Cyberattackers behind SolarWinds hack striking at U.S. again: Microsoft

The cyberattackers responsible for the SolarWinds hack targeted U.S. organizations again last week, Microsoft said. 

The Russian hackers that U.S. intelligence says are behind the SolarWinds breach that previously compromised government networks went last week after government agencies, think tanks, consultants, and non-governmental organizations, said Microsoft Corporate Vice President Tom Burt. 

“This wave of attacks targeted approximately 3,000 email accounts at more than 150 different organizations,” Mr. Burt wrote on Microsoft’s blog. “While organizations in the United States received the largest share of attacks, targeted victims span at least 24 countries. At least a quarter of the targeted organizations were involved in international development, humanitarian and human rights work.”

Mr. Burt said that the hackers’ latest effort began when they gained access to the U.S. Agency for International Development’s (USAID) account with Constant Contact, a company that makes email marketing software.

“We are aware that a bad actor accessed one of our customer’s account credentials to send malicious emails,” Constant Contact said on Twitter on Friday. “This appears to be an isolated incident. We have temporarily disabled the impacted accounts, and are collaborating with the customer as they work with law enforcement.”

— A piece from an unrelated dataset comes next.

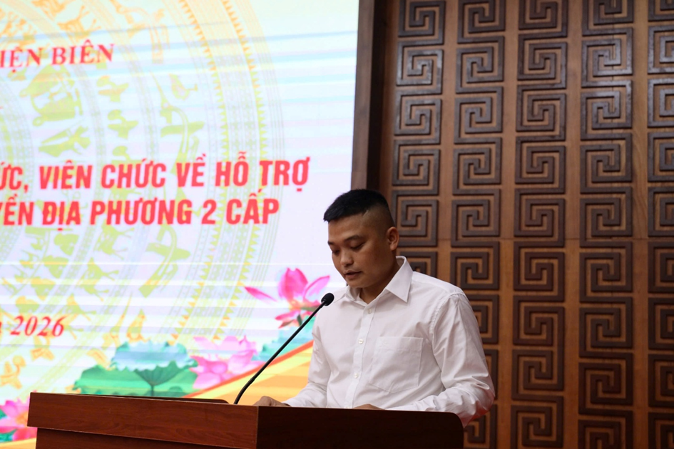 Đ/c Nông Huy Thiêm, Viên chức Trung tâm Dịch vụ việc làm, Sở Nội vụ tỉnh, biệt phái công tác tại UBND xã Tủa Thàng phát biểu chia sẻ những kết quả đạt được trong thời gian được biệt phái và những khó khăn của cơ sở hiện nay

While the hacking campaign could be Constant Contact’s first brush with the hackers, it is not an isolated incident for the U.S. government. The hack of SolarWinds computer network management software disclosed publicly last year compromised nine federal agencies. 

The Biden administration attributed the SolarWinds hack to the Russian Foreign Intelligence Service (SVR) and imposed sanctions on Russia in response. 

Microsoft said Friday that the new hack was conducted by “Nobelium,” which the company said was the “same actor” behind the SolarWinds hack. 

“These attacks appear to be a continuation of multiple efforts by Nobelium to target government agencies involved in foreign policy as part of intelligence gathering efforts,” Mr. Burt wrote. 

Mr. Burt said Microsoft automatically blocked “many of the attacks” targeting its customers and is notifying all those affected.

Microsoft also warned that “nation-state cyberattacks aren’t slowing” and said it has become clear that the hackers’ playbook is to infiltrate trusted technology providers to infect their customers.